## Supplied entries
━━━━━━━━━━
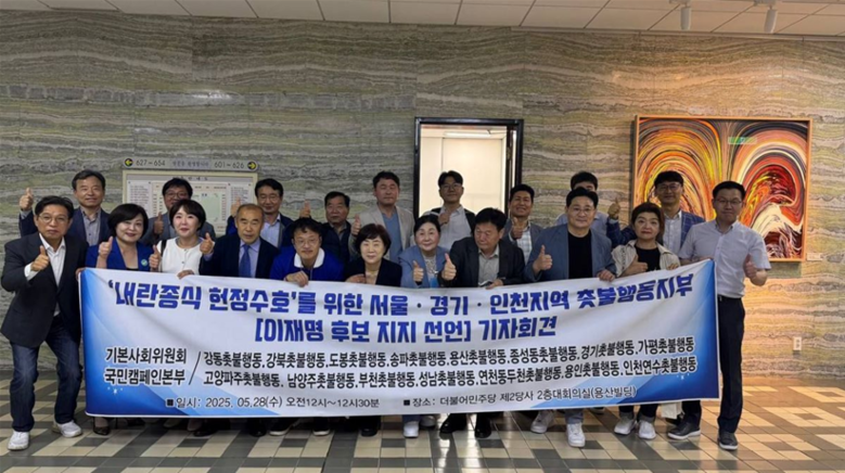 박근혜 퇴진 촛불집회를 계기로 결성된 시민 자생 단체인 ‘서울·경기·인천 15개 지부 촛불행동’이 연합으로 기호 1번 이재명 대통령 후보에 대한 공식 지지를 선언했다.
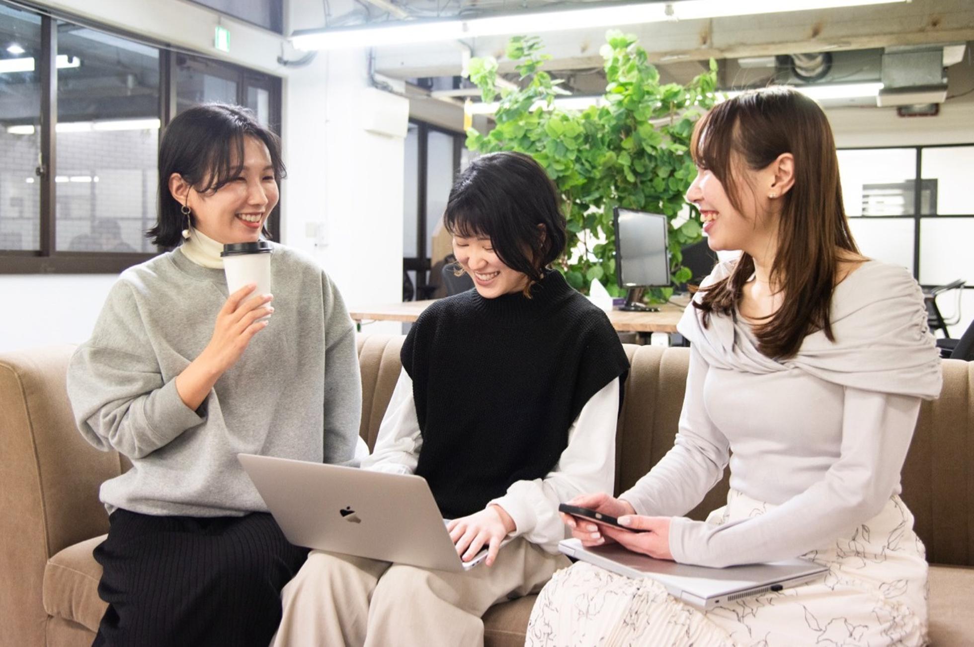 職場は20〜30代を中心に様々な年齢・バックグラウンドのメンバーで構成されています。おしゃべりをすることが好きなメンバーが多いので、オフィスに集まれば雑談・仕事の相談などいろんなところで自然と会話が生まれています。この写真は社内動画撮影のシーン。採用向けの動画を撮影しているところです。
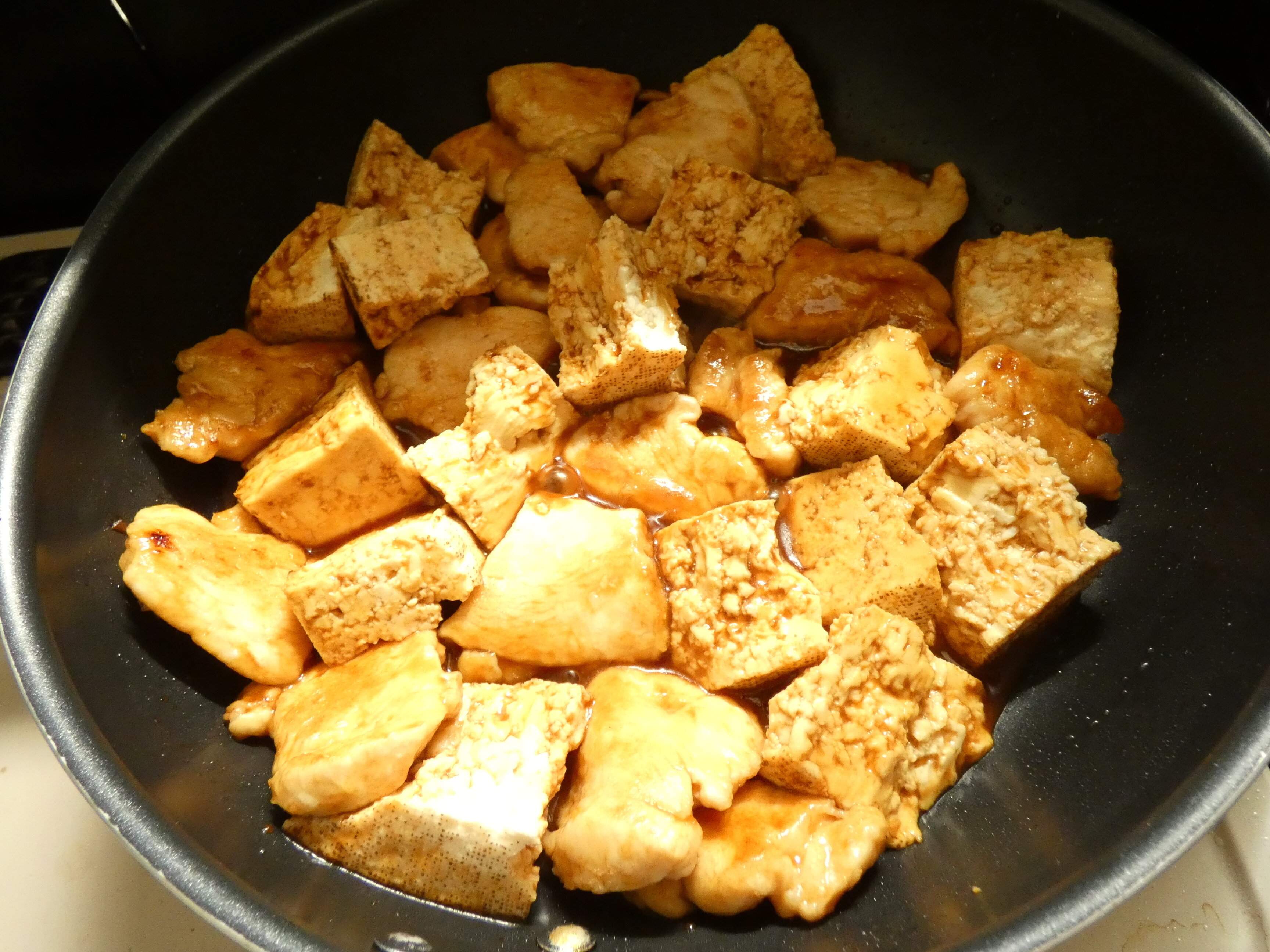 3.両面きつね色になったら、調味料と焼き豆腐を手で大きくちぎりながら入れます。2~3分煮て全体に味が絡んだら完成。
━━━━━━━━━━
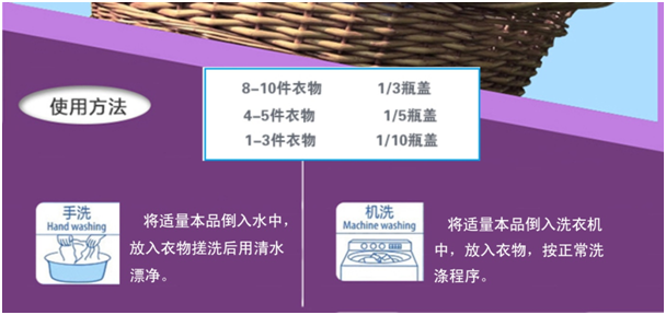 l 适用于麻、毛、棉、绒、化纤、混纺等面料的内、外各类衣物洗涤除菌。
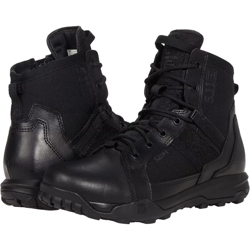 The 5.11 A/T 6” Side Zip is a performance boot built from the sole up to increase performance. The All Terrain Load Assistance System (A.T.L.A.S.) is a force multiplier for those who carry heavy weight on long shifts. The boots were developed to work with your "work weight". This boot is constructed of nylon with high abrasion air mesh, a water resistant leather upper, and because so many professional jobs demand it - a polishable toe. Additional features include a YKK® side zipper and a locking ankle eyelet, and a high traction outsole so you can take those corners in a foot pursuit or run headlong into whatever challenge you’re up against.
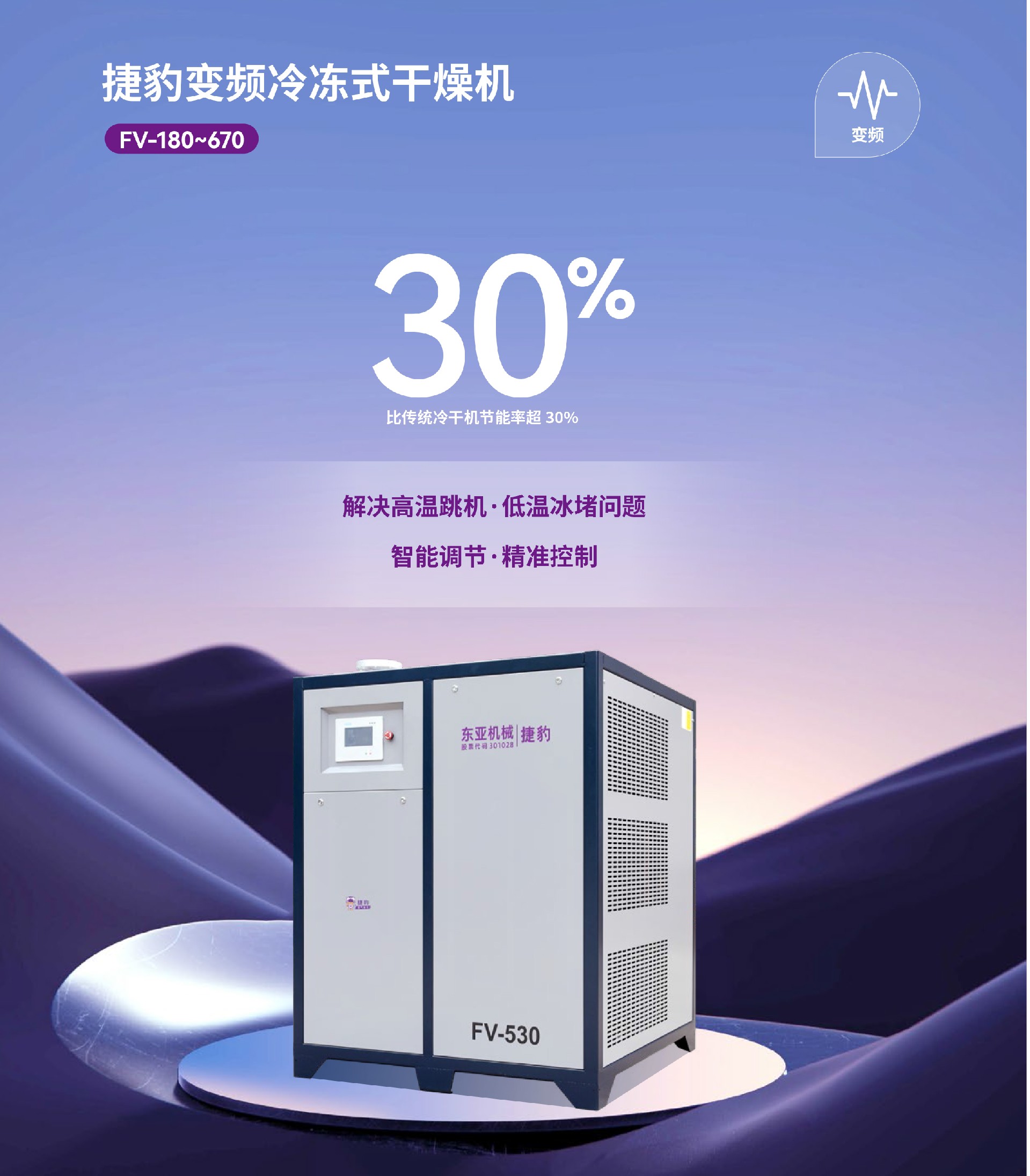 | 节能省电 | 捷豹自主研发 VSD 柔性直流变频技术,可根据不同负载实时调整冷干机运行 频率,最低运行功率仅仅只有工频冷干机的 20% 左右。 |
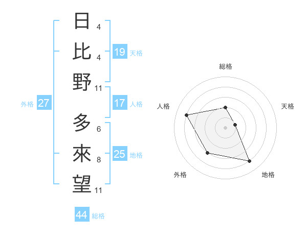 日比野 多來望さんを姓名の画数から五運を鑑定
━━━━━━━━━━
## Exercise brief
Reproduce the entries exactly, from the line with "l 适用于麻、毛、棉、绒、化纤、混纺等面料的内、外各类衣物洗涤除菌。" to the line with "日比野 多來望さんを姓名の画数から五運を鑑定", both lines included, keeping no pictures.

## Solution to the exercise
 l 适用于麻、毛、棉、绒、化纤、混纺等面料的内、外各类衣物洗涤除菌。
 The 5.11 A/T 6” Side Zip is a performance boot built from the sole up to increase performance. The All Terrain Load Assistance System (A.T.L.A.S.) is a force multiplier for those who carry heavy weight on long shifts. The boots were developed to work with your "work weight". This boot is constructed of nylon with high abrasion air mesh, a water resistant leather upper, and because so many professional jobs demand it - a polishable toe. Additional features include a YKK® side zipper and a locking ankle eyelet, and a high traction outsole so you can take those corners in a foot pursuit or run headlong into whatever challenge you’re up against.
 | 节能省电 | 捷豹自主研发 VSD 柔性直流变频技术,可根据不同负载实时调整冷干机运行 频率,最低运行功率仅仅只有工频冷干机的 20% 左右。 |
 日比野 多來望さんを姓名の画数から五運を鑑定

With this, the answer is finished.